◆ Your task
Word for word, print each line of the listing below; pictures stay out.

==== Source information

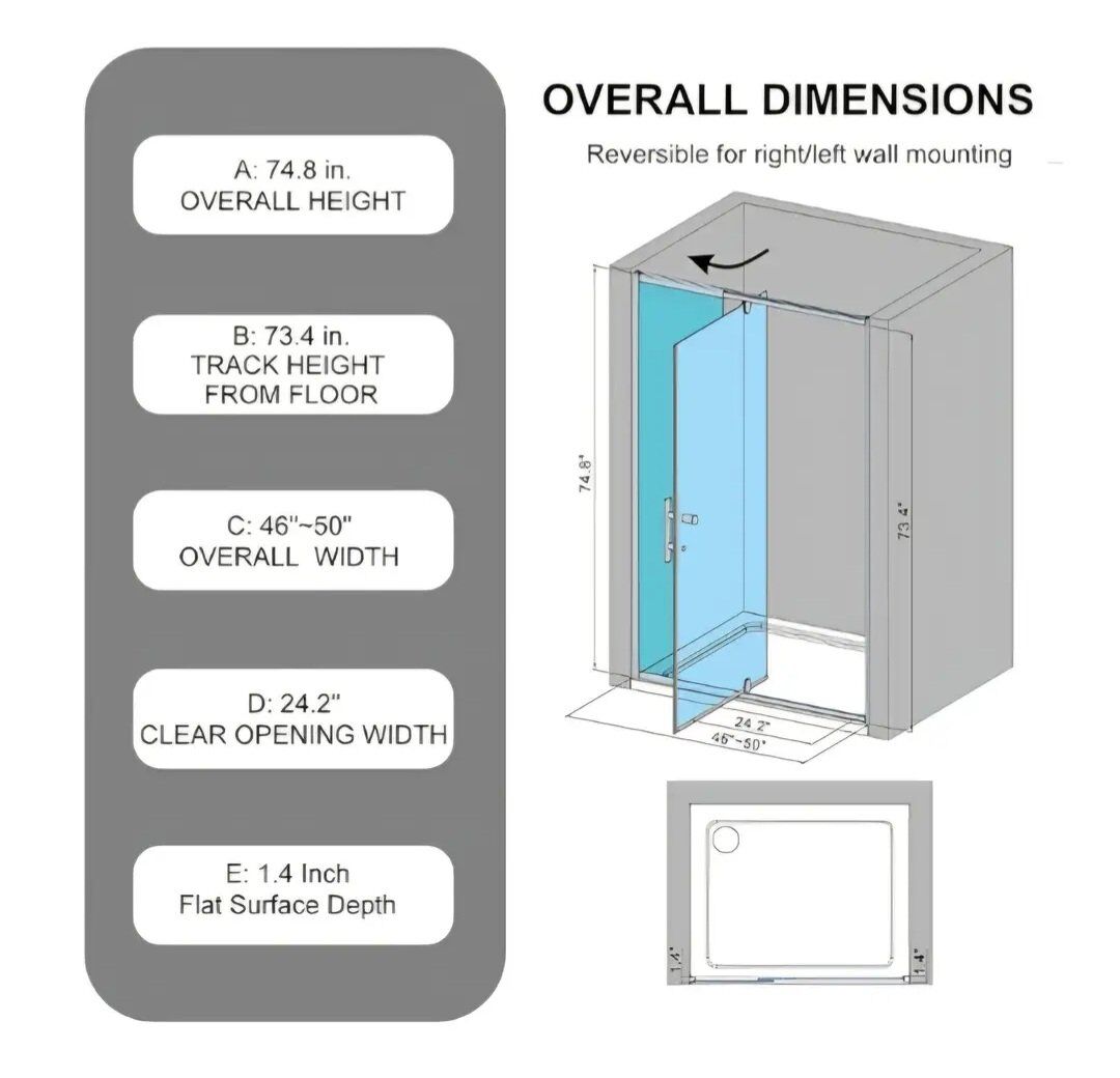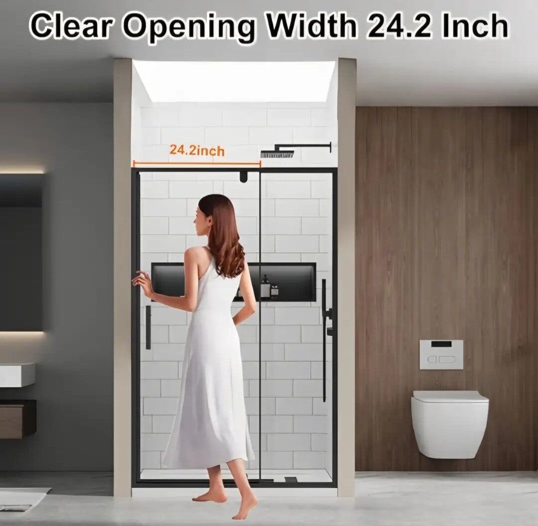 Pivot Glass Shower Door, 48" W(46"~50" W) x 75" H Swing Pivot Hinged Shower Doors, 1/4" Clear SGCC Tempered Glass with Dual Nano Coating, Easy to Clean for Bathroom - Matte Black
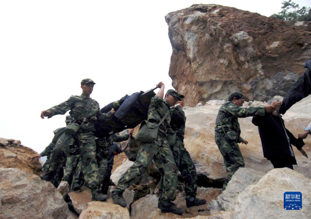 在四川省北川縣災(zāi)區(qū),武警戰(zhàn)士在救援受傷者(2008年5月13日攝)。新華社記者陳?ài)茢z
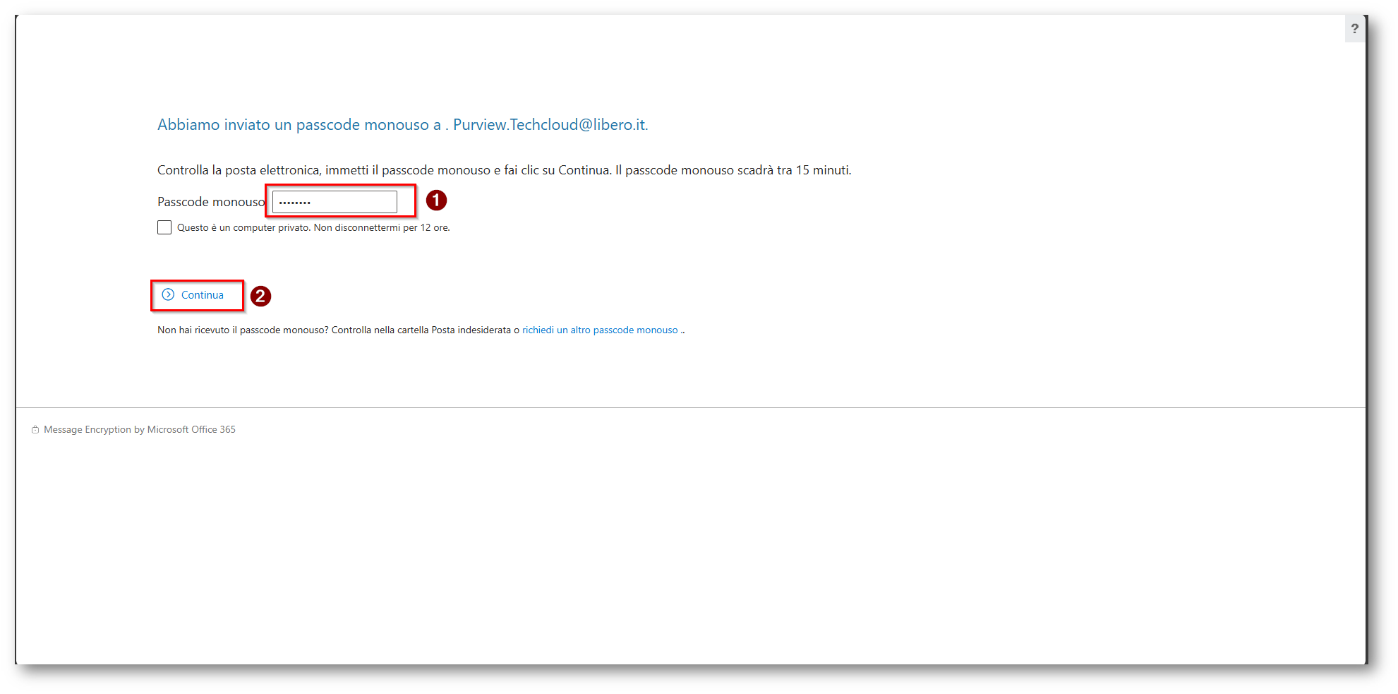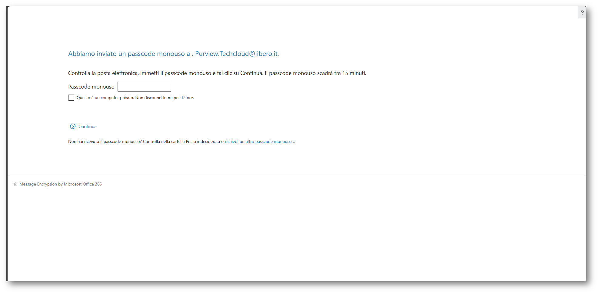 Figura 34: Verrà inviato un codice al destinatario per accedere al messaggio
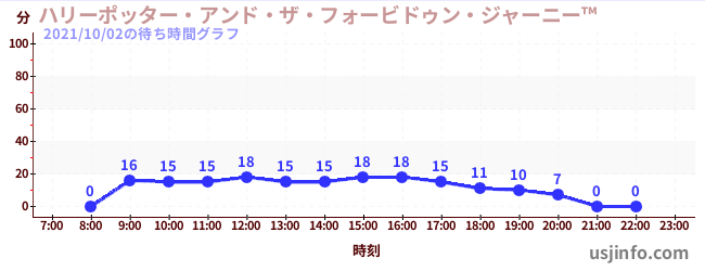• ハリーポッター・アンド・ザ・フォービドゥン・ジャーニー™$B$N(B2021年10月02日の待ち時間
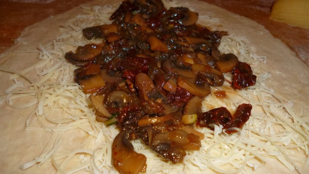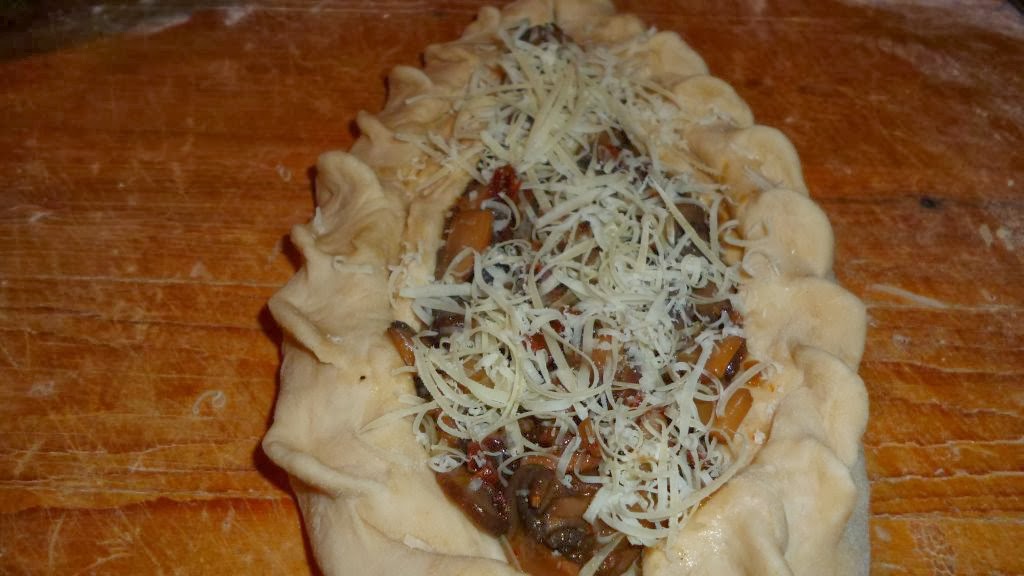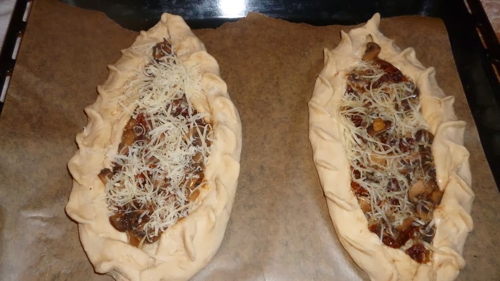A tésztát darabokra vágjuk, majd ovális alakúra nyújtjuk és reszelünk rá az előkészített parmezán sajtból majd ráhalmozzuk a kész gombát. Ezután újra megszórjuk reszelt sajttal a tetejét, majd csónak alakúra igazítjuk és megcsipkedjük a széleket.
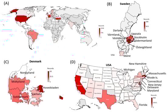 World map depicting the 91 countries where SARS-CoV-2 variants containing the co-occurring MOCI were recorded between May 2020 and April 2022. (A). A zoomed-in view of the regions observed with MOCI are shown for (B) Sweden, (C) Denmark, and (D) USA. Countries are color-coded based on the number of records of MOCI observed, as shown in the legend; greyed out regions indicate no observations. For some countries such as Turkey, region information was not available, but EPI numbers can be provided upon request.
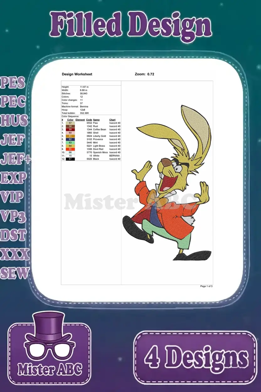 Alice In Wonderland March Hare And Dormouse At The Mad Tea Py Characters – Filled Embroidery Design
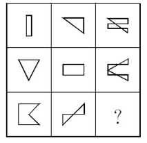 每一行三个图形,第一个图顺时针旋转90°后与第二个图形叠加,去掉相同的部分,即得到第三个图形。故选D。
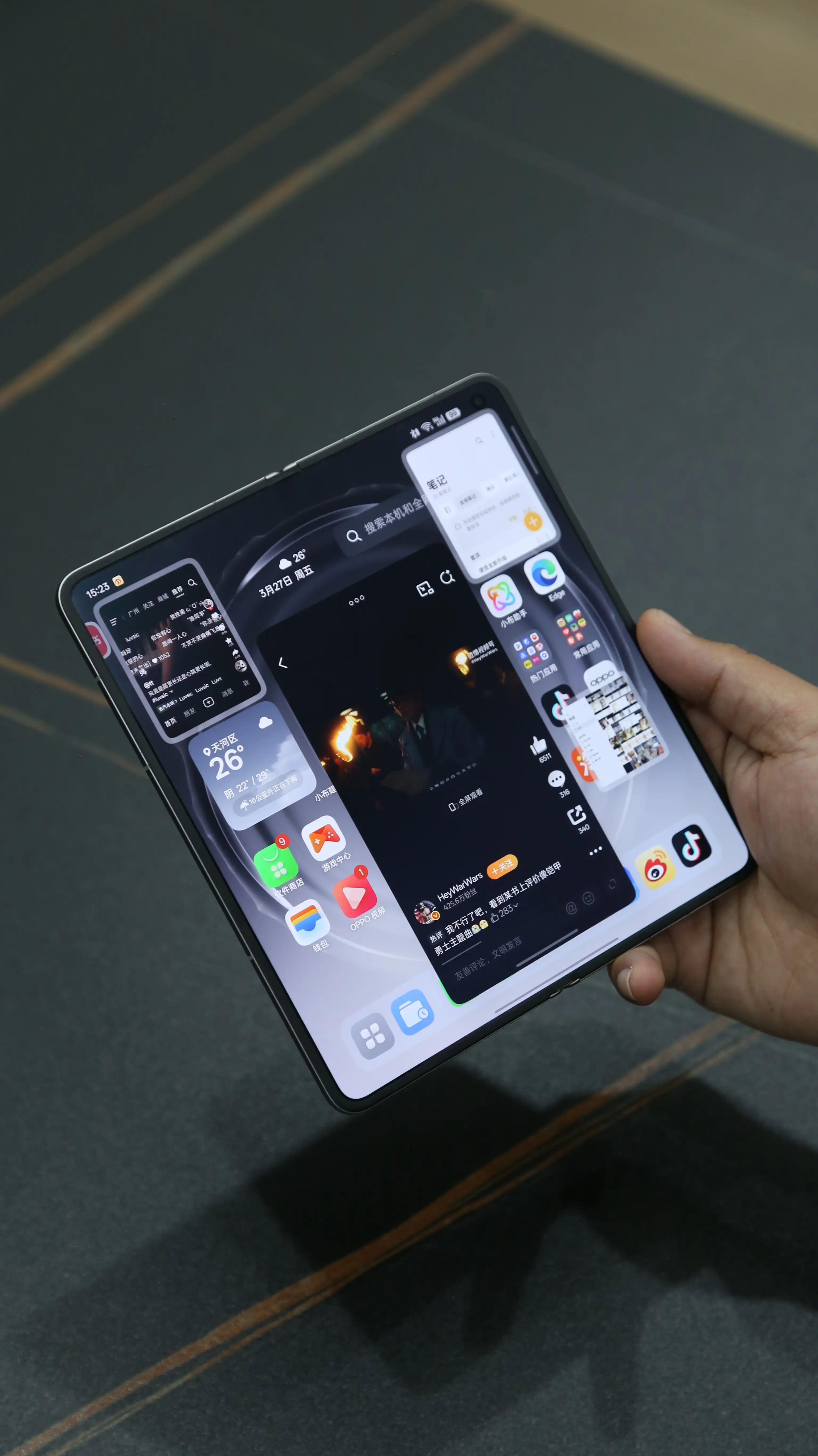 先说最让我震惊的——折痕真的没了!以前用折叠屏,手指划过中间那道沟,心里总有点膈应。但这台,无论正看、侧看,还是打着光看,都几乎看不出折痕的存在。
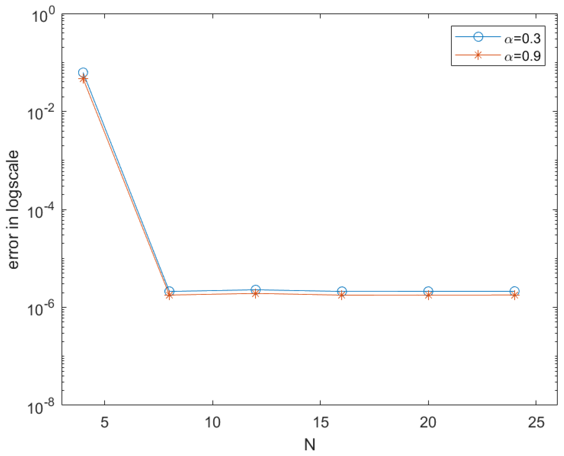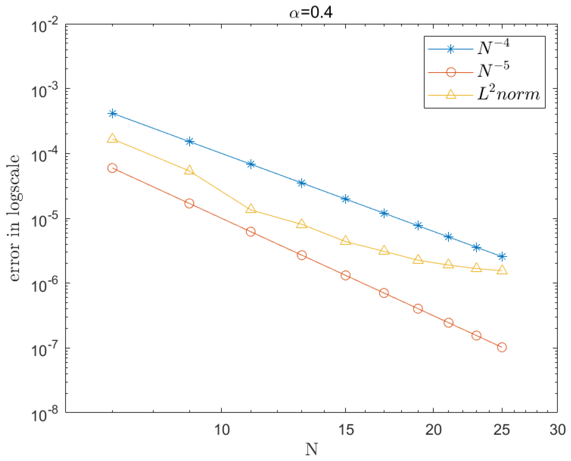 Example 1. Consider the time fractional Allen–Cahn equation with a smooth solution :where and We first consider the temporal accuracy. To avoid the influence of spatial discretization, we take
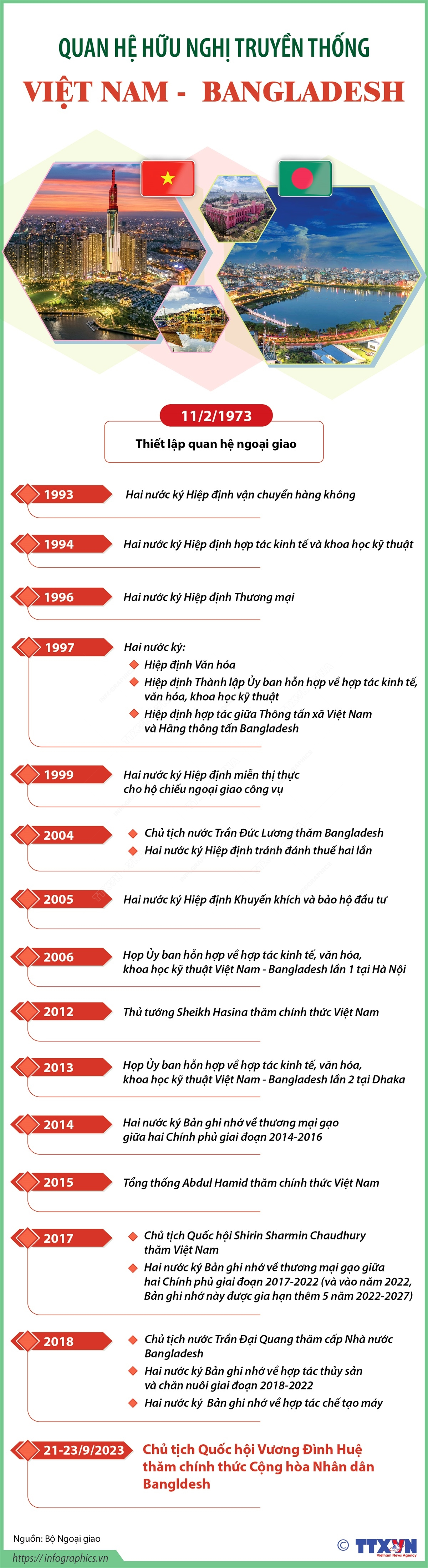 Nhận lời mời của Chủ tịch Quốc hội Cộng hòa Nhân dân Bangladesh Shirin Sharmin Chaudhury, Chủ tịch Quốc hội Vương Đình Huệ thăm chính thức Cộng hòa Nhân dân Bangladesh từ ngày 21 - 23/9/2023. Kể từ khi thiết lập quan hệ ngoại giao ngày 11/2/1973, quan hệ hữu nghị truyền thống Việt Nam và Bangladesh tiếp tục được củng cố và ngày một phát triển. Hoạt động trao đổi đoàn cấp cao duy trì khá đều đặn. Về hợp tác tại các diễn đàn khu vực và quốc tế, hai nước thường có sự trao đổi, hợp tác khá chặt chẽ tại các diễn đàn quốc tế, nhất là tại Liên hợp quốc.

========

◆ Written solution
 Pivot Glass Shower Door, 48" W(46"~50" W) x 75" H Swing Pivot Hinged Shower Doors, 1/4" Clear SGCC Tempered Glass with Dual Nano Coating, Easy to Clean for Bathroom - Matte Black
 在四川省北川縣災(zāi)區(qū),武警戰(zhàn)士在救援受傷者(2008年5月13日攝)。新華社記者陳?ài)茢z
 Figura 34: Verrà inviato un codice al destinatario per accedere al messaggio
• ハリーポッター・アンド・ザ・フォービドゥン・ジャーニー™$B$N(B2021年10月02日の待ち時間
A tésztát darabokra vágjuk, majd ovális alakúra nyújtjuk és reszelünk rá az előkészített parmezán sajtból majd ráhalmozzuk a kész gombát. Ezután újra megszórjuk reszelt sajttal a tetejét, majd csónak alakúra igazítjuk és megcsipkedjük a széleket.
 World map depicting the 91 countries where SARS-CoV-2 variants containing the co-occurring MOCI were recorded between May 2020 and April 2022. (A). A zoomed-in view of the regions observed with MOCI are shown for (B) Sweden, (C) Denmark, and (D) USA. Countries are color-coded based on the number of records of MOCI observed, as shown in the legend; greyed out regions indicate no observations. For some countries such as Turkey, region information was not available, but EPI numbers can be provided upon request.
 Alice In Wonderland March Hare And Dormouse At The Mad Tea Py Characters – Filled Embroidery Design
 每一行三个图形,第一个图顺时针旋转90°后与第二个图形叠加,去掉相同的部分,即得到第三个图形。故选D。
 先说最让我震惊的——折痕真的没了!以前用折叠屏,手指划过中间那道沟,心里总有点膈应。但这台,无论正看、侧看,还是打着光看,都几乎看不出折痕的存在。
 Example 1. Consider the time fractional Allen–Cahn equation with a smooth solution :where and We first consider the temporal accuracy. To avoid the influence of spatial discretization, we take
 Nhận lời mời của Chủ tịch Quốc hội Cộng hòa Nhân dân Bangladesh Shirin Sharmin Chaudhury, Chủ tịch Quốc hội Vương Đình Huệ thăm chính thức Cộng hòa Nhân dân Bangladesh từ ngày 21 - 23/9/2023. Kể từ khi thiết lập quan hệ ngoại giao ngày 11/2/1973, quan hệ hữu nghị truyền thống Việt Nam và Bangladesh tiếp tục được củng cố và ngày một phát triển. Hoạt động trao đổi đoàn cấp cao duy trì khá đều đặn. Về hợp tác tại các diễn đàn khu vực và quốc tế, hai nước thường có sự trao đổi, hợp tác khá chặt chẽ tại các diễn đàn quốc tế, nhất là tại Liên hợp quốc.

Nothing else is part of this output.